● **YOUR OBJECTIVE**: Dropping every picture, set down exactly the lines in the entries below, starting with the line with "Introducing our breathtaking" and going on through the line with "On the Analysis".

===============

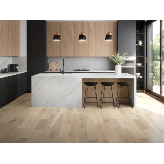 Exquisit und einzigartig: Calacatta-Quarz besticht durch sein reines Weiß und die markante, durchgefärbte Marmoroptik. Mit seinem wunderschönen, breiten Adernmuster und der luxuriösen Haptik bietet dieser Quarz die natürliche Optik von Calacatta-Marmor, jedoch ohne dessen Nachteile. Calacatta-Quarz ist eine äußerst robuste, flecken- und kratzfeste Arbeitsplatte und somit eine sehr praktische Wahl für Küchen- und Badezimmerarbeitsplatten, Treppen, Fensterbänke, maßgefertigte Möbel, Wand- und Bodenbeläge im Innen- und Außenbereich, Wasserstrahlschneidarbeiten und andere Designprojekte.
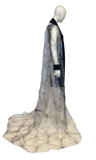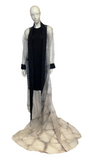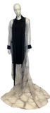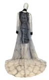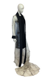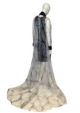 Introducing our breathtaking floor-length coat with a dramatic train, a true statement piece. Crafted from Shibori dyed Japanese glass organza, this coat showcases the artistry of the Shibori process. The pleating from the dyeing technique is expertly heat fused into the surface, resulting in a mesmerizing texture with a subtle iridescence. The coat is elegantly trimmed with black Japanese eyelash cotton, adding a touch of contrast and sophistication. Prepare to make a grand entrance with this extraordinary coat that effortlessly blends artistry and fashion.
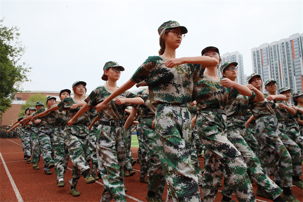 伴随着分列式进行曲,全体参训同学昂首挺胸、精神抖擞,依次走过主席台接受检阅。“骄阳不惧、奋勇争先,绿装红颜、勇往直前”他们喊着响亮的口号,迈着坚定的步伐,英姿飒爽、意气风发,充分展现了14天的军训成果和积极向上的精神风貌。
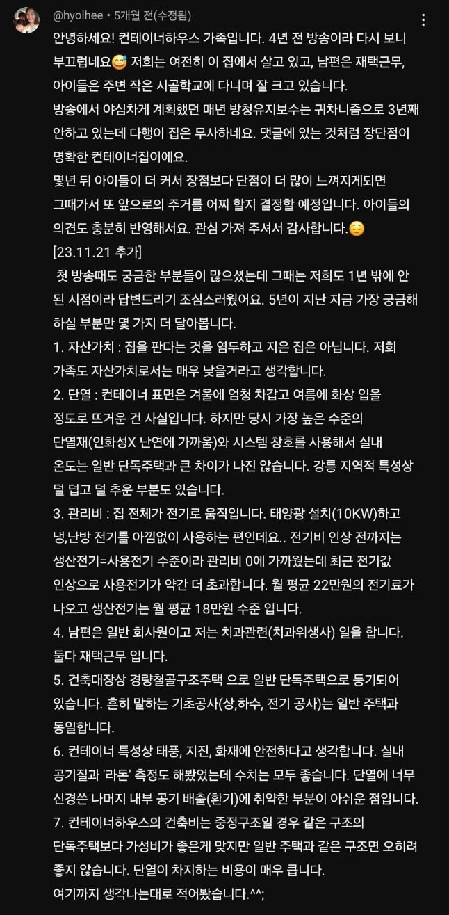 안좋은 댓글도 있으나, 한번쯤은 살아보고싶은 집입니다.
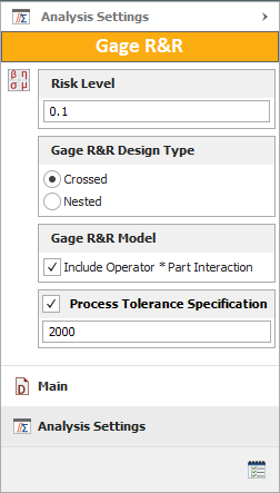 On the Analysis Settings page of the control panel, the risk level and design type are specified. In addition, the operator * part interaction is selected to be included in the analysis, and the process tolerance specification is specified.
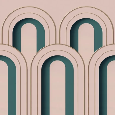 Rebel Walls muraltapet Arch är tuff med välvda, tredimensionella bågar. En tapet för den som vågar sticka ut, till vardagsrum eller matsal.
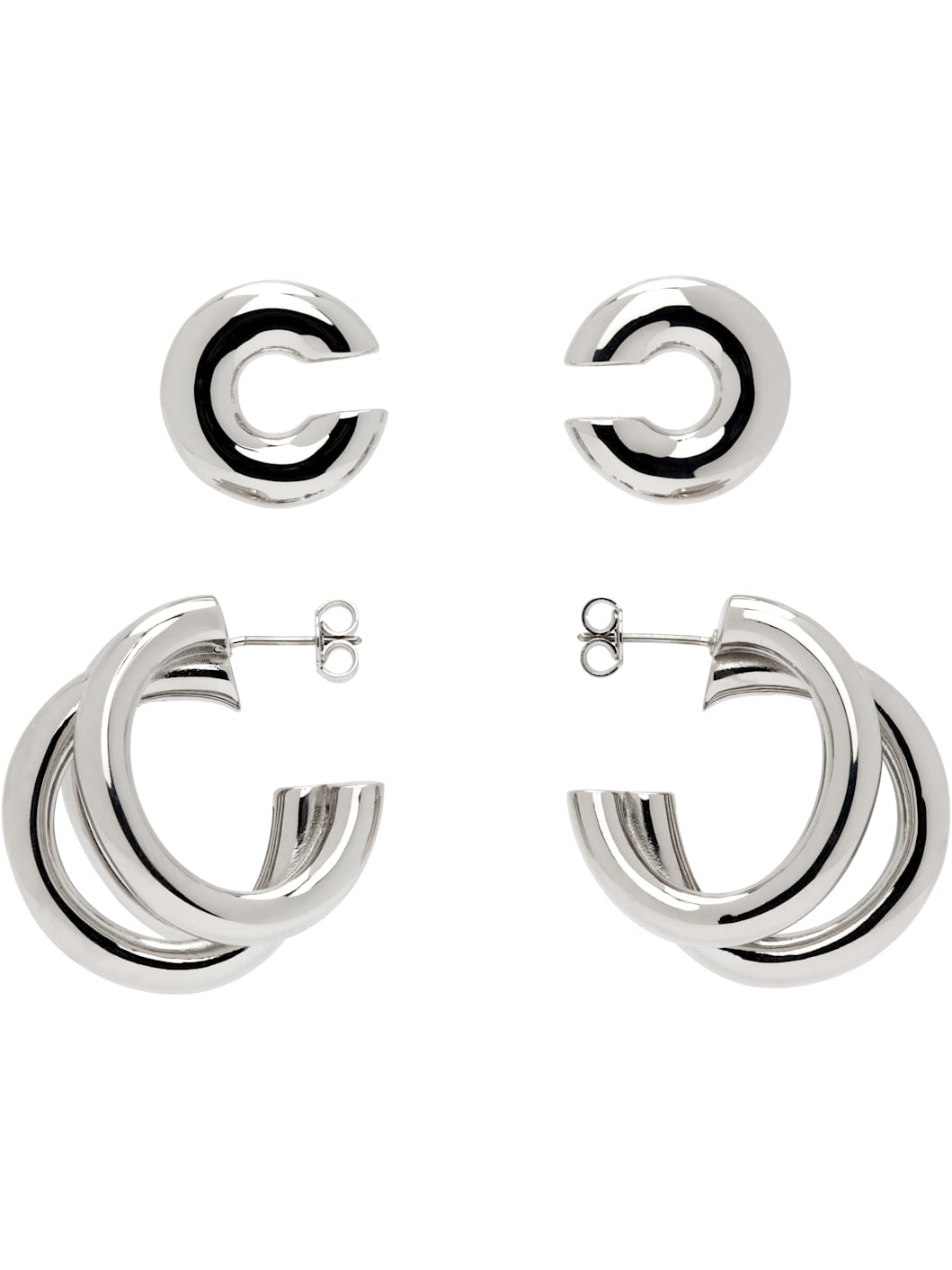 Set of open hoop earrings and ear cuffs in silver-tone brass. · Twisted detailing at open hoop · Post-stud fastening · Open hoop: D1" · Ear cuff: D0.5" Supplier color: Silver Brass. Made in Italy 252605F022007
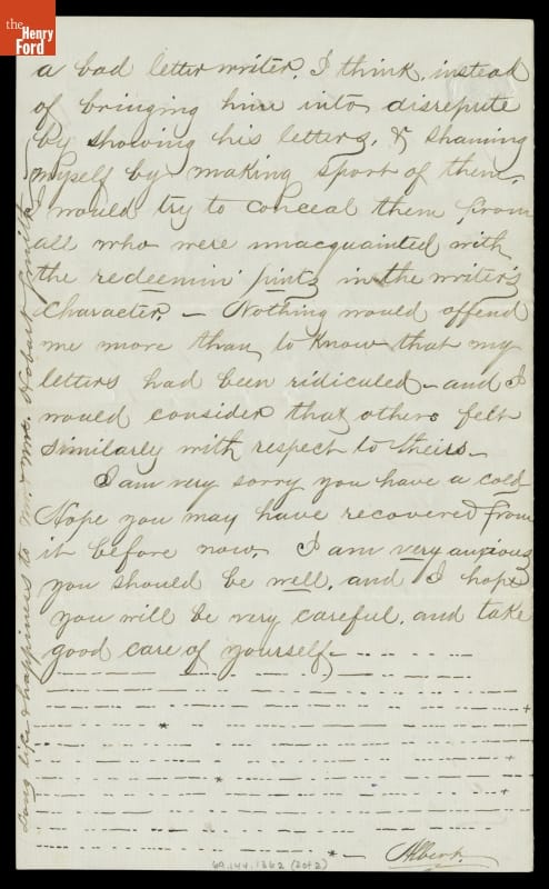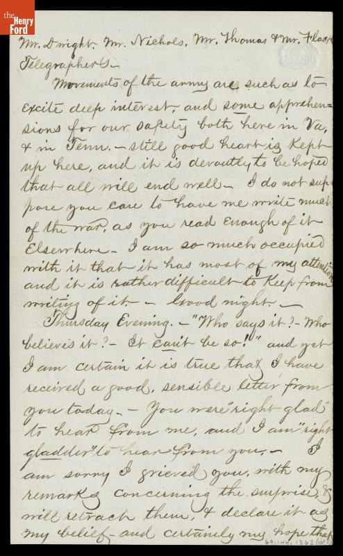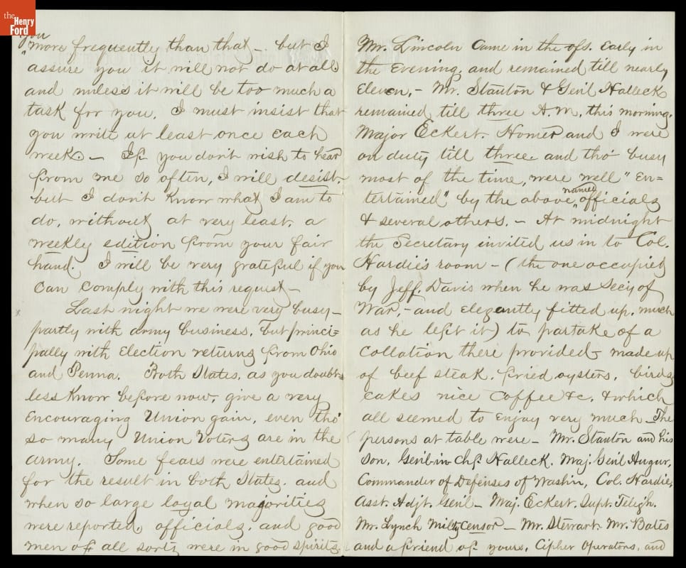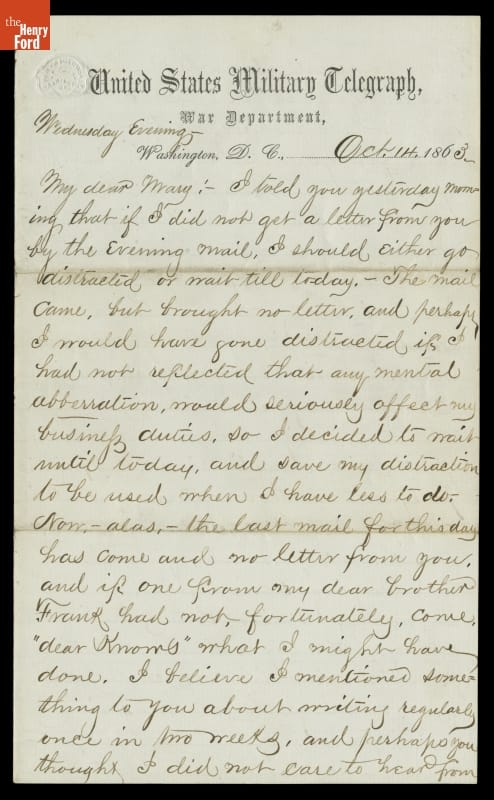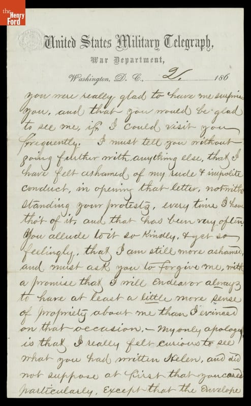 Albert B. Chandler served as a cipher operator at the War Department office in Washington, D.C., during the Civil War. He transmitted coded messages to and decoded messages from Union military field commanders. While at this post, he became acquainted with President Abraham Lincoln. Chandler describes some of his wartime experiences in this letter to Marilla Stedman, his future bride.
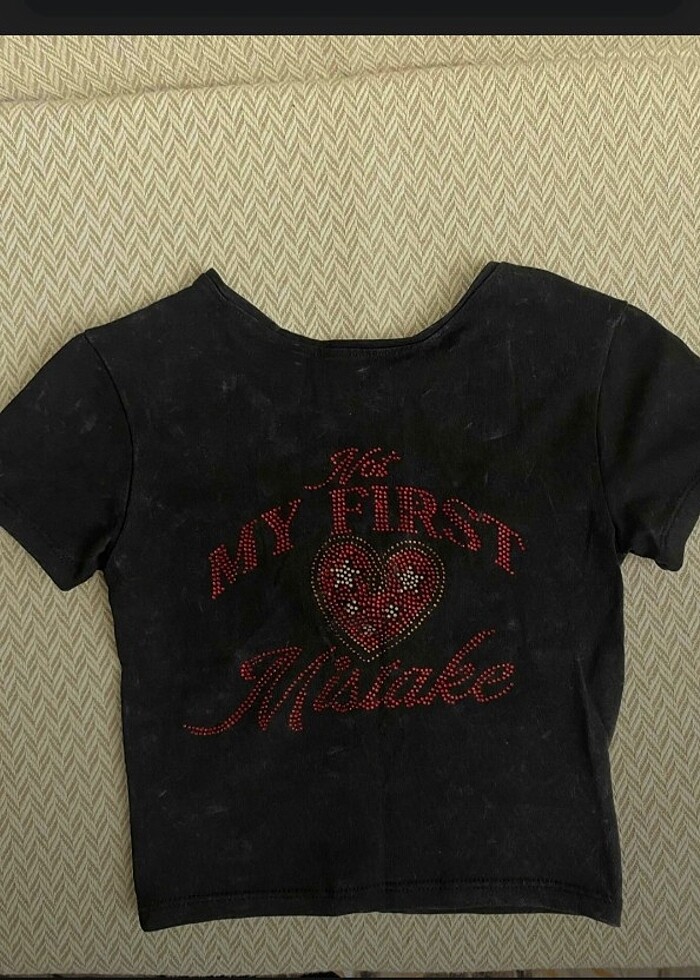 t-shirt Bershka hiç kullanılmadı üstü taşlı crop sırt dekolteli

===============

● **TASK RESPONSE**:
 Introducing our breathtaking floor-length coat with a dramatic train, a true statement piece. Crafted from Shibori dyed Japanese glass organza, this coat showcases the artistry of the Shibori process. The pleating from the dyeing technique is expertly heat fused into the surface, resulting in a mesmerizing texture with a subtle iridescence. The coat is elegantly trimmed with black Japanese eyelash cotton, adding a touch of contrast and sophistication. Prepare to make a grand entrance with this extraordinary coat that effortlessly blends artistry and fashion.
 伴随着分列式进行曲,全体参训同学昂首挺胸、精神抖擞,依次走过主席台接受检阅。“骄阳不惧、奋勇争先,绿装红颜、勇往直前”他们喊着响亮的口号,迈着坚定的步伐,英姿飒爽、意气风发,充分展现了14天的军训成果和积极向上的精神风貌。
 안좋은 댓글도 있으나, 한번쯤은 살아보고싶은 집입니다.
 On the Analysis Settings page of the control panel, the risk level and design type are specified. In addition, the operator * part interaction is selected to be included in the analysis, and the process tolerance specification is specified.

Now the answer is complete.